Ode impassively hiked his towel back into decency, the seduction wasted on the sightless. Words failed him. He reached for the book, eager to dispatch the blind prince to his ivory tower. Halfway—
Ode stopped cold: Hold on.
The man’s looks were unforgettable; if he’d been on Faust’s victim roster, Ode would’ve clocked him instantly. No such face among those mugshots.
Chill prickled Ode’s arm hairs to attention.
He let his hand drop soundlessly, playing dumb. “Sea-Wolf? Nah, don’t read. Anything else? Bedtime.”
Every muscle coiled tight, palm easing onto his hip holster.
The other merely gave a regretful headshake, uninterested in pressing. He set the book atop the door-side milk crate and turned down the hall.
Ode eased a fraction—then—
Boom!
Overhead, something caved with a thunderous crash. Ode’s head snapped up as decayed timbers and crumbling bricks punched through the ceiling.
He had to concede: devouring that Deep One had turbocharged his reflexes.
Ceiling breached—he vaulted back, dodging the plummeting chandelier, then lunged forward onto the very floorboards Room 314 had trod moments before.
A quick glance revealed Room 314 transformed, as if cursed by eldritch decay: furniture festering, motes of dust becalmed in sunless aeons.
He blinked grit from his eyes on reflex. Then the floor yawned open beneath him.
Dazzling glare exploded, searingly intense. All around—from oak cabinets to unyielding stone—demolished in the blaze, as if pulverized by apocalypse.
That should’ve been his limit.
But the feast-sharpened dynamic vision let him track it: pristine oak starved of sap in a single breath. Grain swelled black, timber mummifying, shriveling amid curlicues of flaking plaster and corroded masonry—erupting into whirling powder.
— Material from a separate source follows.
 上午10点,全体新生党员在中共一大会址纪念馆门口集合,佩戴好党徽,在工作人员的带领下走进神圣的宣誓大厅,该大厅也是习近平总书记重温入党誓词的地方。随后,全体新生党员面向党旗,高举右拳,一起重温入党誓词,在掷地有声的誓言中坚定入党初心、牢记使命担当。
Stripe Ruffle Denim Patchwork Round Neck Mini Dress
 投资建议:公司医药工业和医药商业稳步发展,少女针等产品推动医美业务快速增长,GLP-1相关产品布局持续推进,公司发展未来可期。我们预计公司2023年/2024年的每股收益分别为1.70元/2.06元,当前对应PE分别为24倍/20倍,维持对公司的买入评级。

His holstered pistol, brute enough to pulp Deep One skulls, spiderwebbed with rust. Finish peeled like shed skin; grip liquefied to droplets… then even those wisped to cinders.
“Cough…” Tumbling from second-floor hall to ground-level storeroom, Ode hacked up a lung, propping to peer upward. The three rooms overhead: erased. Only languid historical dust remained.
“What the hell?!”
“God almighty—what happened?!”
The inn jolted awake amid the cataclysmic din, a clamor of voices converging on the ruin.
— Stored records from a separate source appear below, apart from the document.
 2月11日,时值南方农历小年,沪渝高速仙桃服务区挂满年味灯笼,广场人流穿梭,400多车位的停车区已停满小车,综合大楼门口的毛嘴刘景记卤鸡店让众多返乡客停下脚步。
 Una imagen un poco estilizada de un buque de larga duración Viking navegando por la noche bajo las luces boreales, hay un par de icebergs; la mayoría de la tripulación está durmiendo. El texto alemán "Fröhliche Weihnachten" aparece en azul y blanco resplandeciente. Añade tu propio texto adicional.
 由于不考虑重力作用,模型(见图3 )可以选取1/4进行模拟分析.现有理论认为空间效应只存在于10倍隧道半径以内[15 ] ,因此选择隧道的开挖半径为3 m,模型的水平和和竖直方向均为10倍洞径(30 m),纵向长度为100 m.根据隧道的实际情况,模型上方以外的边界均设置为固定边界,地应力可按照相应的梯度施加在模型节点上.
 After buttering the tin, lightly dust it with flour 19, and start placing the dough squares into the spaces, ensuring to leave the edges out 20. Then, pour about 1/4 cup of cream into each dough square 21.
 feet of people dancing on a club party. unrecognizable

Choking down grit amid the swirling haze, Ode rose coughing, cinching his towel with some dignity before craning toward the second-floor doorway.
Unscathed himself—Room 314’s doing? Prime suspect. The timing was too perfect: mystery visit, instant ambush.
But at that moment, an exquisitely beautiful head poked out from the door of a second-floor room—a head so perfect it could have been displayed in an art gallery without anyone batting an eye. Those unfocused eyes scanned around for a few seconds, one hand bracing against the doorframe while the other groped inside the room. “Sir? The gentleman from Room 214? Are you all right? I heard something collapse—”
Ode watched as the man from 314 took a step onto empty air. In the next instant, his body tilted and he plummeted downward.
Ode’s sharp dynamic vision gave him plenty of time to think.
What was going on? Had that earlier attack not been this guy’s doing? Or was he just putting on a show now?
Ode watched coldly as the man from 314 fell. In the end, though, the principle of innocence until proven guilty prompted him to step forward at the last second. He solidly caught the old boss—a beautiful peacock radiating a chilling aura—as the man crashed into his arms.
“. . . Thank you.” The man from 314 seemed startled for a moment, but he quickly regained his composure.
The sapphire teardrop brooch pinned to his chest refracted a dazzling light, nearly blinding Ode all over again after the strong flash he’d already endured. “. . . Mind if I ask? Why go to the trouble of dressing up in the middle of the night, gun in hand, just to deliver a book?”